Work task: Transcribe the listing below in full, exactly, with no images.

Dataset excerpt:
= = = =

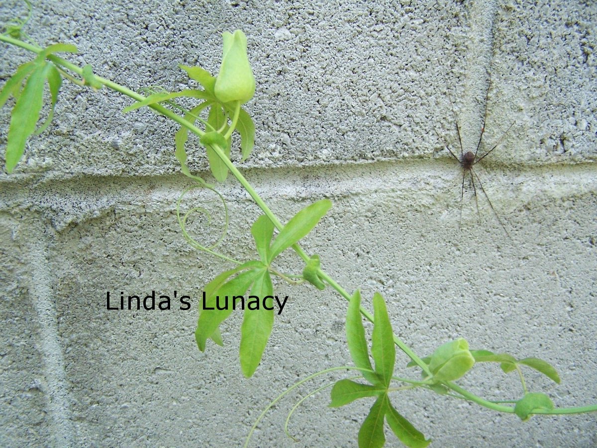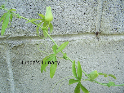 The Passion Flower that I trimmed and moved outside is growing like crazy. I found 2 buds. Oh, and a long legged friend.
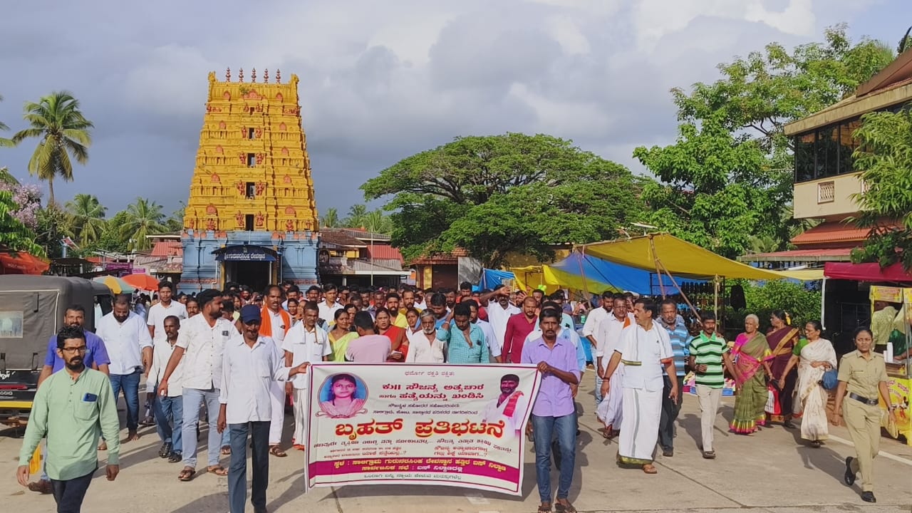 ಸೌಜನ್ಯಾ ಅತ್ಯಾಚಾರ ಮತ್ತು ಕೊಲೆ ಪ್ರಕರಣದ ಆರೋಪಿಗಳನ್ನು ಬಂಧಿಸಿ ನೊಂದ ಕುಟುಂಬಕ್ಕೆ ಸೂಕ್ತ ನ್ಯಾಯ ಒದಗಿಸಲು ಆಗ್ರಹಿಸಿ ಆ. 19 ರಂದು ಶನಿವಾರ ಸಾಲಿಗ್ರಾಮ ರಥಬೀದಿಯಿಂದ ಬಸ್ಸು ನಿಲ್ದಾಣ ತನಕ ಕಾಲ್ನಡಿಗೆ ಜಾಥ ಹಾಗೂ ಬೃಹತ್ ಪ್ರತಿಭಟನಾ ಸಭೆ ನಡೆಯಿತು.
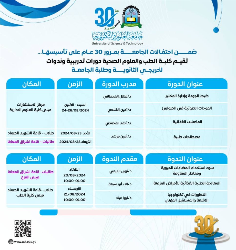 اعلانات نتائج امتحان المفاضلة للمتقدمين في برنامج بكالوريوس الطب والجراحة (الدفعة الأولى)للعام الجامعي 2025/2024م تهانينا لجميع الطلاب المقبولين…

= = = =

Reply:
 The Passion Flower that I trimmed and moved outside is growing like crazy. I found 2 buds. Oh, and a long legged friend.
 ಸೌಜನ್ಯಾ ಅತ್ಯಾಚಾರ ಮತ್ತು ಕೊಲೆ ಪ್ರಕರಣದ ಆರೋಪಿಗಳನ್ನು ಬಂಧಿಸಿ ನೊಂದ ಕುಟುಂಬಕ್ಕೆ ಸೂಕ್ತ ನ್ಯಾಯ ಒದಗಿಸಲು ಆಗ್ರಹಿಸಿ ಆ. 19 ರಂದು ಶನಿವಾರ ಸಾಲಿಗ್ರಾಮ ರಥಬೀದಿಯಿಂದ ಬಸ್ಸು ನಿಲ್ದಾಣ ತನಕ ಕಾಲ್ನಡಿಗೆ ಜಾಥ ಹಾಗೂ ಬೃಹತ್ ಪ್ರತಿಭಟನಾ ಸಭೆ ನಡೆಯಿತು.
 اعلانات نتائج امتحان المفاضلة للمتقدمين في برنامج بكالوريوس الطب والجراحة (الدفعة الأولى)للعام الجامعي 2025/2024م تهانينا لجميع الطلاب المقبولين…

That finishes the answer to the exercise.